TEXTUAL REPRESENTATION

A textual representation of capability sets consists of one or more whitespace-separated clauses. Each
clause specifies some operations on a capability set; the set starts out with all capabilities lowered,
and the meaning of the string is the state of the capability set after all the clauses have been applied
in order.

Each clause consists of a list of comma-separated capability names (or the word `all'), followed by an
action-list. An action-list consists of a sequence of operator flag pairs. Legal operators are: `=',
'+', and `-'. Legal flags are: `e', `i', and `p'. These flags are case-sensitive and specify the
Effective, Inheritable and Permitted sets respectively.

In the capability name lists, all names are case-insensitive. The special name `all' specifies all
capabilities; it is equivalent to a list naming every capability individually.

Unnamed capabilities can also be specified by number. This feature ensures that libcap can support
capabilities that were not allocated at the time libcap was compiled. However, generally upgrading libcap
will add names for recently allocated capabilities.

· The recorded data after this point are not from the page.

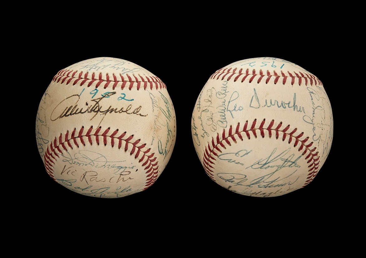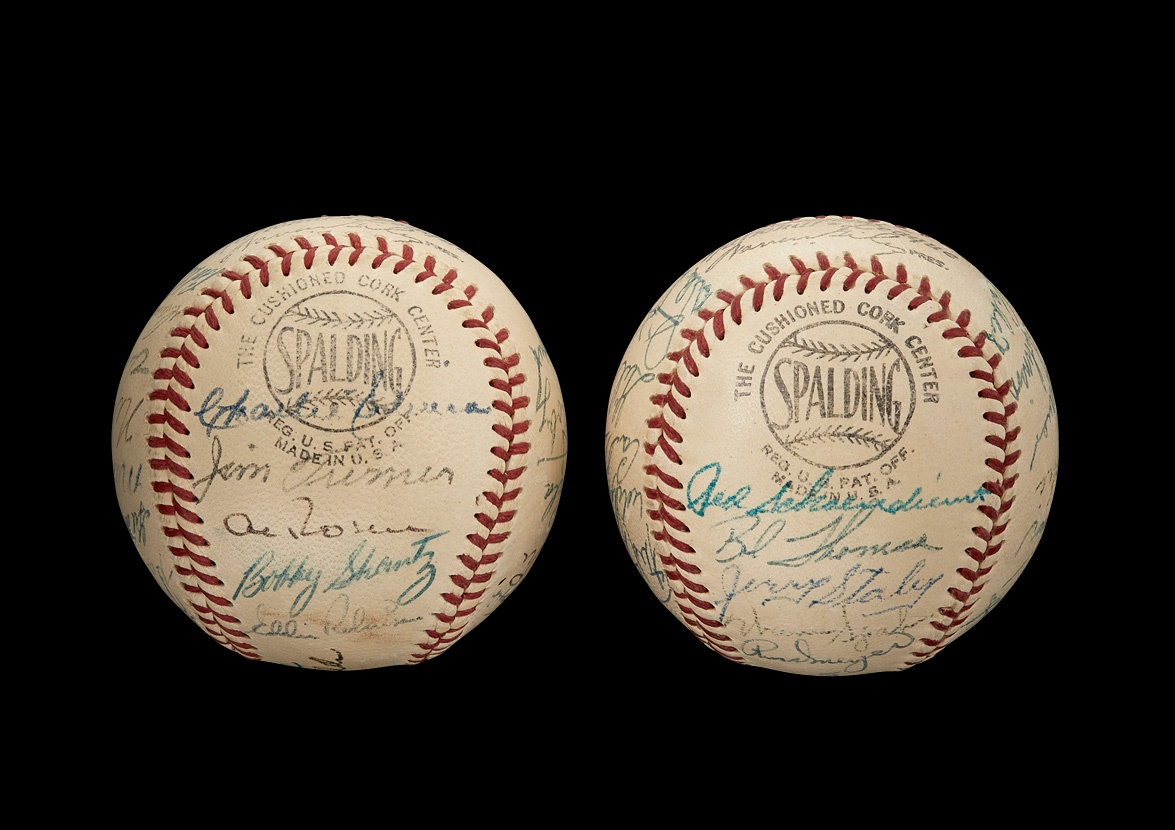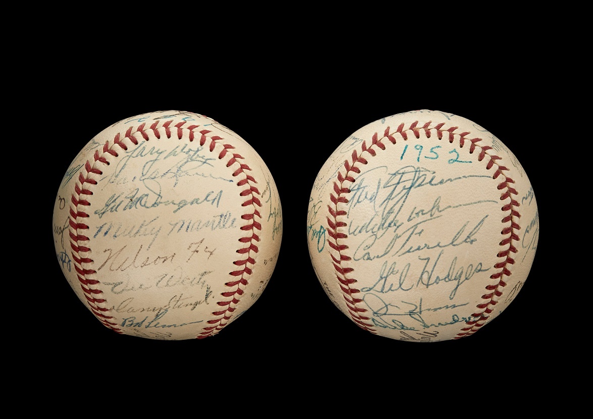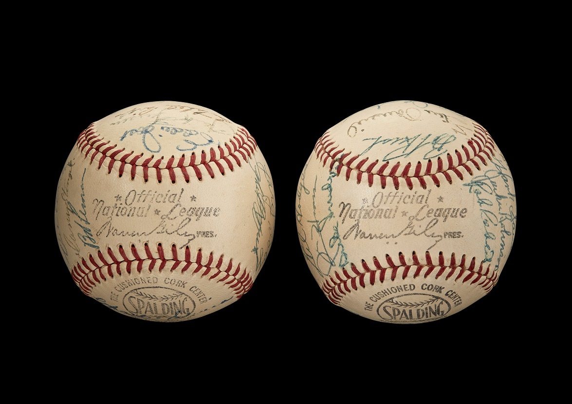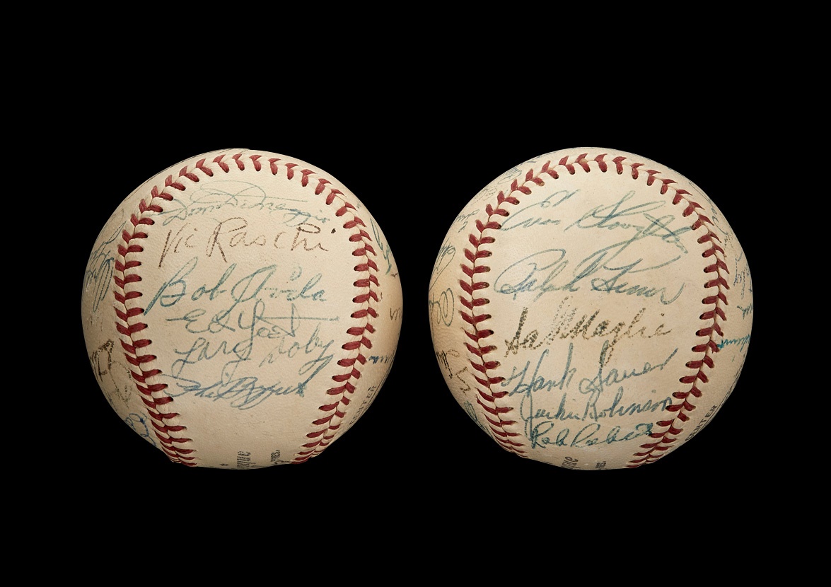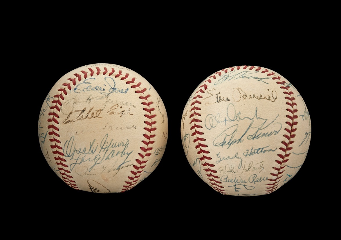 The only All-Star Game ever shortened by rain occurred in 1952 at Philadelphia's Shibe Park. After five full innings of play, the National League led the American League, 3-2, and that would turn out to be the final score as the skies opened and a long downpour ensued. These two official National League (Giles) baseballs commemorate that unorthodox game and are in EX-MT+ condition. One ball features 27 signatures while the other boasts 25, with "1952" also inscribed on each. Among the key names are: Jackie Robinson, Enos Slaughter, Gil Hodges, Duke Snider, Carl Furillo, Stan Musial, Ralph Kiner, Pee Wee Reese, Leo Durocher, Red Shoendienst, Warren Spahn, Satchel Paige, Larry Doby, Mickey Mantle, Nellie Fox, Casey Stengel, Bob Lemon and Phil Rizzuto, The signatures in ink average 7.5/10 with a few that have faded a bit more.
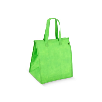 5 x 37Cm 75G & M² in Pale Green. Recycled Pet Non-Woven Cool Bag (75G & M²) with Aluminium Metal Foil Lining. Large Front Panel for Branding. Ideal for Shopping Trips or Picnics. Minimum Quantities Apply.
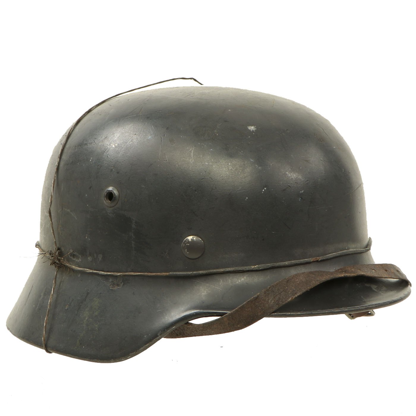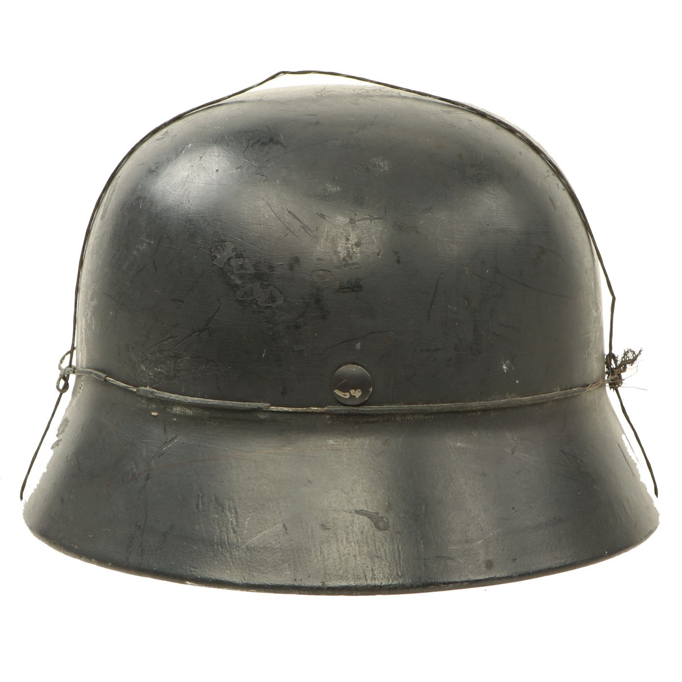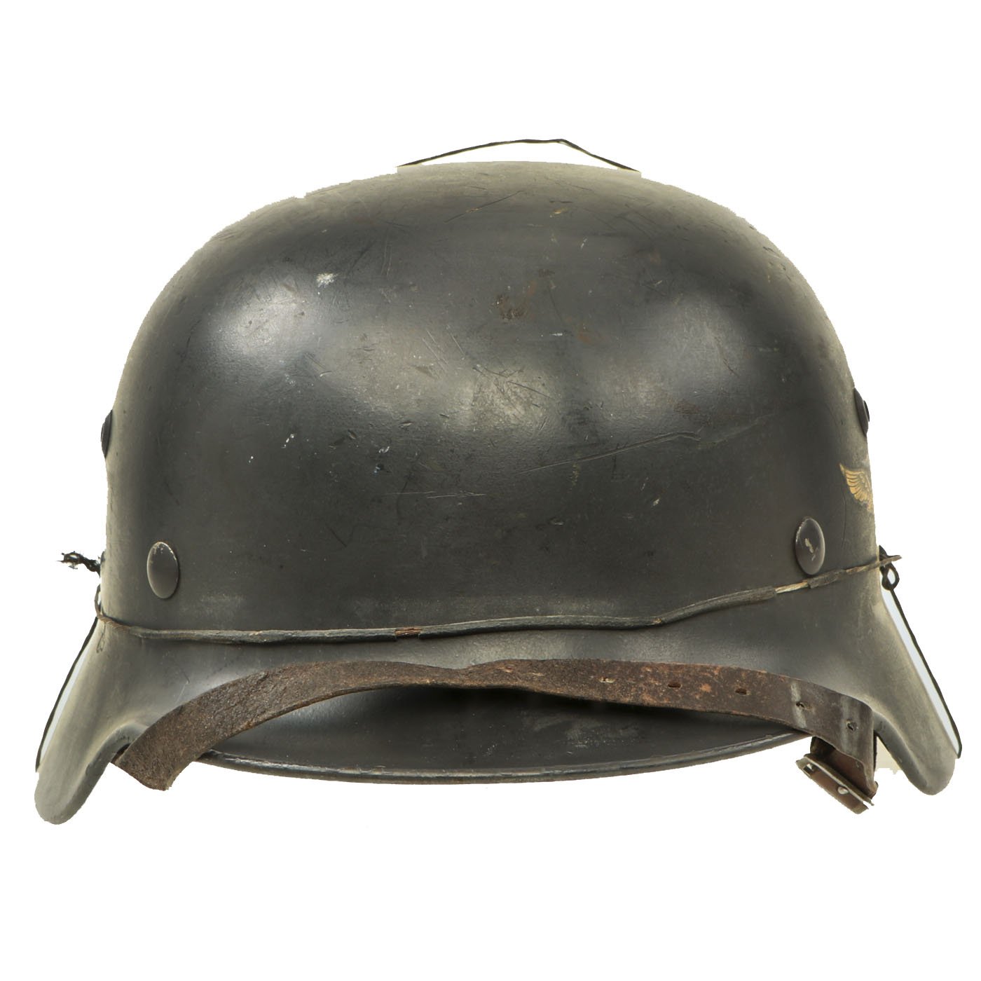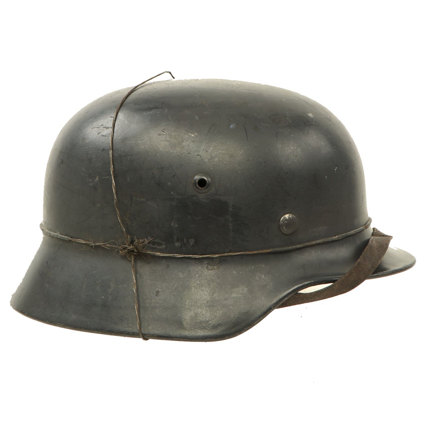 Original Item: Only One Available. This is a great lightly used all original example Model 1935 German WWII "single decal" helmet, with a Luftwaffe Eagle decal on the left side, and wire wrapping for attachment of camouflage material. This wire was originally coated, but most has worn off. Also, the right side of the helmet clearly shows that it had a "National Colors" decal, which was removed, so this was originally a "double decal" helmet, correct for early war issue. The use of the second decal was discontinued in 1940, and in 1943 it was ordered that helmets with the national colors have them removed, which is why this helmet no longer has one.
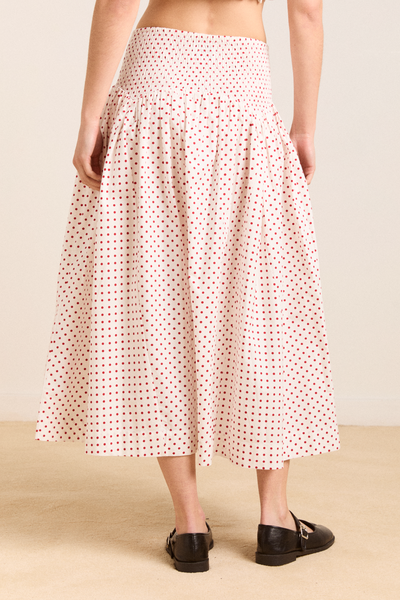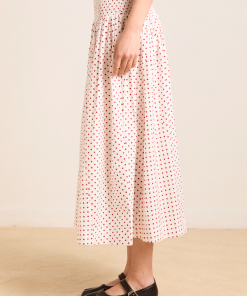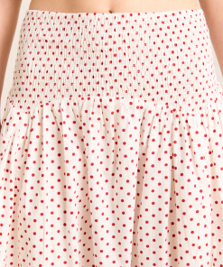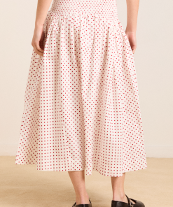 Falling to a midi length, the Layla Skirt in off white and red spot is a transeasonal staple. Featuring a dropped waist, with a shirred elasticated waistband, this skirt is comfortable and stylish. Pair with our Raphi Cami or Leilani Blouse for a full head to toe look.

The `=' operator indicates that the listed capabilities are first reset in all three capability sets.
The subsequent flags (which are optional when associated with this operator) indicate that the listed
capabilities for the corresponding set are to be raised. For example: "all=p" means lower every
capability in the Effective and Inheritable sets but raise all of the Permitted capabilities; or,
"cap_fowner=ep" means raise the Effective and Permitted override-file-ownership capability, while
lowering this Inheritable capability.

In the case that the leading operator is `=', and no list of capabilities is provided, the action-list is
assumed to refer to `all' capabilities. For example, the following three clauses are equivalent to each
other (and indicate a completely empty capability set): "all="; "="; "cap_chown,<every-other-
capability>=".

The operators, `+' and `-' both require an explicit preceding capability list and one or more explicit
trailing flags. The `+' operator will raise all of the listed capabilities in the flagged capability
sets. The `-' operator will lower all of the listed capabilities in the flagged capability sets. For
example: "all+p" will raise all of the Permitted capabilities and "cap_fowner-i" will lower the override-
file-ownership in the Inheritable set.

The action list can consist of multiple operator flag pairs; the actions are performed in left-to-right
order. Thus, for example, "cap_fowner+p-i" is equivalent to "cap_fowner+p cap_fowner-i". As another
example, "cap_fowner+pe-i" and "cap_fowner=+pe" are equivalent.

RETURN VALUE

       cap_from_text(), cap_to_text() and cap_to_name() return a non-NULL value on success, and NULL on failure.
       cap_from_name() returns 0 for success, and -1 on failure (unknown capability).

       On failure, errno is set to EINVAL, or ENOMEM.

CONFORMING TO

       cap_from_text()   and  cap_to_text()  are  specified  by  the  withdrawn  POSIX.1e  draft  specification.
       cap_from_name() and cap_to_name() are Linux extensions.

EXAMPLE

       The example program below demonstrates the use of cap_from_text() and cap_to_text().  The following shell
       session shows some example runs:

       $ ./a.out "cap_chown=p cap_chown+e"
       caps_to_text() returned "cap_chown=ep"
       $ ./a.out "all=pe cap_chown-e cap_kill-pe"
       caps_to_text() returned "=ep cap_chown-e cap_kill-ep"

       The source code of the program is as follows:

       #include <stdlib.h>
       #include <stdio.h>
       #include <sys/capability.h>

       #define handle_error(msg) \
           do { perror(msg); exit(EXIT_FAILURE); } while (0)

       int
       main(int argc, char *argv[])
       {
           cap_t caps;
           char *txt_caps;

           if (argc != 2) {
               fprintf(stderr, "%s <textual-cap-set>\n", argv[0]);
               exit(EXIT_FAILURE);
           }

           caps = cap_from_text(argv[1]);
           if (caps == NULL)
               handle_error("cap_from_text");

           txt_caps = cap_to_text(caps, NULL);
           if (txt_caps == NULL)
               handle_error("cap_to_text");

           printf("caps_to_text() returned \"%s\"\n", txt_caps);

           if (cap_free(txt_caps) != 0 || cap_free(caps) != 0)
               handle_error("cap_free");

           exit(EXIT_SUCCESS);
       }